Valuation of Business Goodwill for Property Division
Enterprise goodwill must be quantified because it represents business reputation and ability to generate future income for the owner. Basically, there are four steps to valuating business goodwill:
- Determine the business’ income.
- Compare the business to similarly situated companies.
- Determine how much the business over-performs or under-performs the competition.
- Capitalize any benefit into the future “using multiples built up by very smart accountants to generate a present value” for the business goodwill. See Witkus.
Personal Goodwill as Income
Particularly with valuation of a service business (for example, a plumber, electrician, contractor, or landscaper) or professional practice (for example, a lawyer, accountant, physician, or counselor) the company’s goodwill – it’s reputation and ability to generate future income for the owner – is as much a reflection of the owner’s work ethic, diligence, ability, marketing, and sheer luck as it is the actual success of the business organization as an independent entity.
Legal Strategy in Business Valuation
Given the family business needs valuation so it can be properly, equitably divided as a marital asset, the spouses have disparate motives. Their legal strategies will reflect those motives. The owner-spouse of a service company, for instance, is motivated to undervalue or deflate the value of the business (as well as any personal goodwill as an income source). The non-owner spouse is motivated to overvalue or inflate the value of the business (as well any personal goodwill as an income source for support). Therefore, proper valuation is essential.
Method of Business Valuation
In valuing a business, the “cash flows capitalized to determine … present overall value of business” are also the cash flows used to determine income for support. See The ‘Double Dipping’ Concept in Business Valuation for Divorce Purposes by attorney Robert J. Rivers (2006). A fundamental principal of business valuation is that the value is, says Rivers, “equal to the present worth of the future benefits of ownership.” That is, the value is a “projection as to what the future income will be based upon a review of the historical earnings of the company.”

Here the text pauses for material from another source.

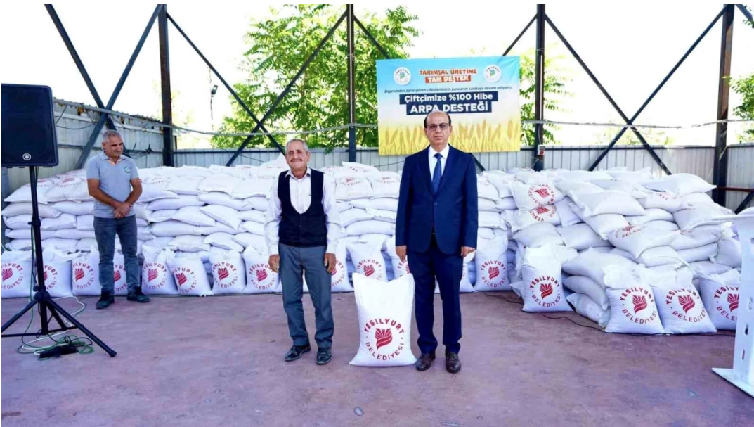 Yeşilyurt Belediyesi, Tarımsal Üretim ve AR-GE Sahasında hasadı yapılan 35 ton arpayı depremde zarar gören çiftçilere ücretsiz olarak dağıttı. Dağıtım törenine Yeşilyurt Belediye Başkanı Prof. Dr. İlhan Geçit, İl Tarım ve Orman Müdürü Osman Akar ve diğer yetkililer katıldı. Tarım sektörünün gelişmesine verilen destekler vurgulandı.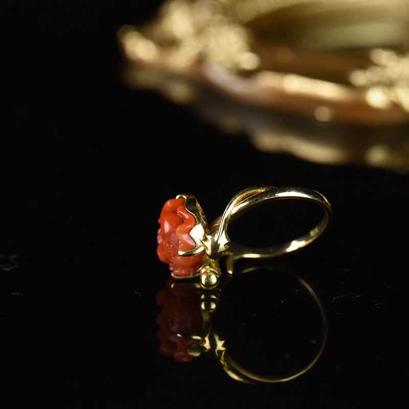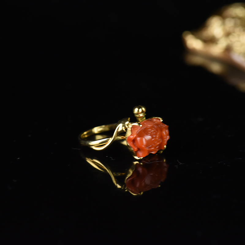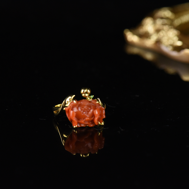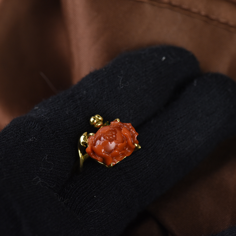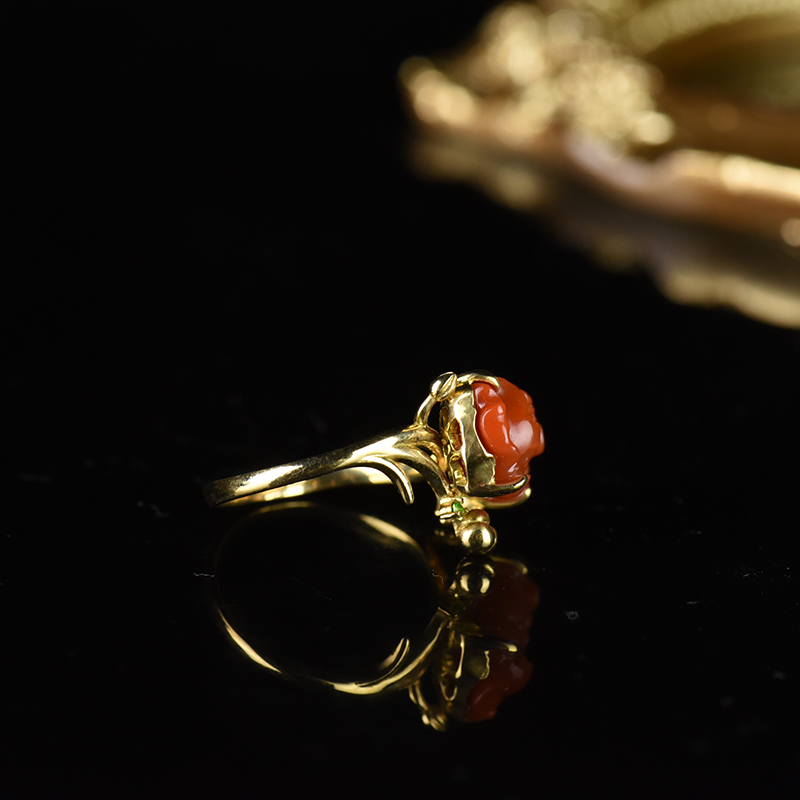 • [名  称] 18K柿子红南红牡丹戒指

Choose a Business Valuation Method
When the business is a marital asset, its value must be established before the court will divide it. It is possible, too, that the business is operating well into the red and is not an asset but a liability, a debt for the spouses to share. That debt would also be separate from income drawn by the owner. Obtaining the spouses’ agreement on a valuation method would be optimal. However, if there is no agreement, then each party is free to hire an expert business valuator, typically a forensic accountant, who will use one of several recognized valuation methods. Be forewarned, this can get costly. The judge determines the final value based upon the experts’ testimony and valuations.

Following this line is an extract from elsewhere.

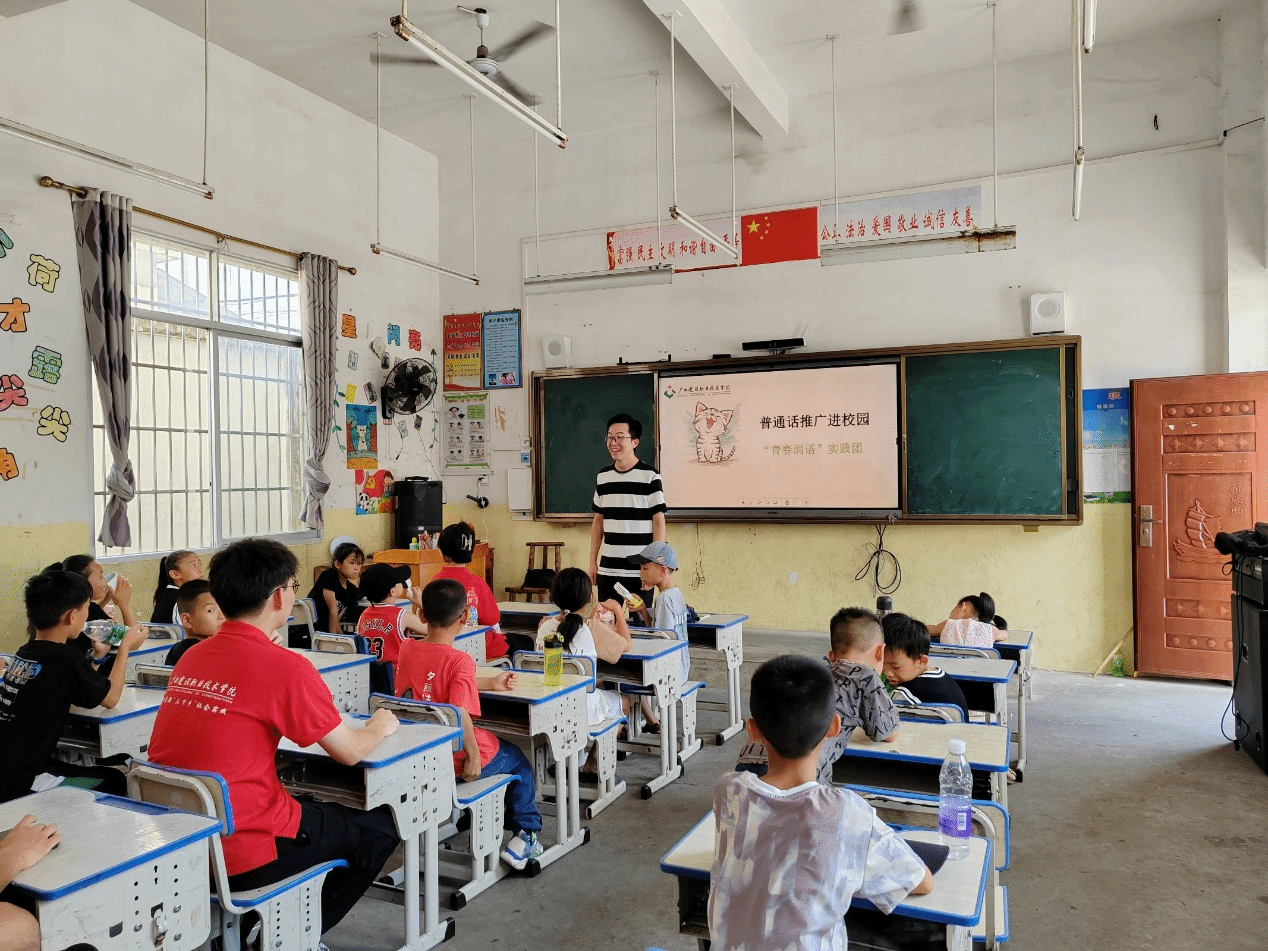 7月11日—13日,“青春润语”推普助力乡村振兴实践团结合立新村少年儿童普通话学习实际情况,以推广普通话为核心,以语言能力培养为重点,开设字词训练、朗诵、情景剧等不同主题的特色推普课堂,寓教于乐,寓学于趣,让普通话真正做到“进乡村、入家庭”。活动中,实践团还选送《少年中国说》《盛世中国》等节目参加当地的文化下乡演出,精彩的表现赢得观众的阵阵掌声。
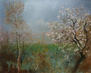 Keywords: Blossoming tree - painting by László Mednyánszky.jpg Artwork Creator László Mednyánszky Blossoming_tree between 1875 1895 oil canvas accession number object history Part of a collection of a Hungarian emigrant couple in South America from 1947 to 2010 According to their will the paintings were returned to Hungary credit line own ; Photo by Szilas at the exhibition in the Gallery of Judit Virág Budapest PD-old-auto 1919 PD-old-auto 1919 Paintings by László Mednyánszky in private collections |

To learn more about business valuation, read our discussion on Business Valuation in Tennessee Divorce Law. For real-life examples, take a look at our blog for case summaries under the Tennessee Business Valuation category.
What business valuation method is best? Choose the one that carries out your legal strategy and is appropriate for the type of business being valued. Strategically, it may be more beneficial to obtain a low valuation, or the opposite may be true. Say, for example, that the owner-spouse will buy-out the other’s marital interest in the company. If the business is over-valued, then the non-owner spouse receives the better deal. If under-valued, then the owner gets the better deal by retaining more after the buy-out.
Placing a reasonably accurate value on something as unique as a family-owned business is always challenging, but is absolutely necessary for the best possible outcome in the Tennessee divorce.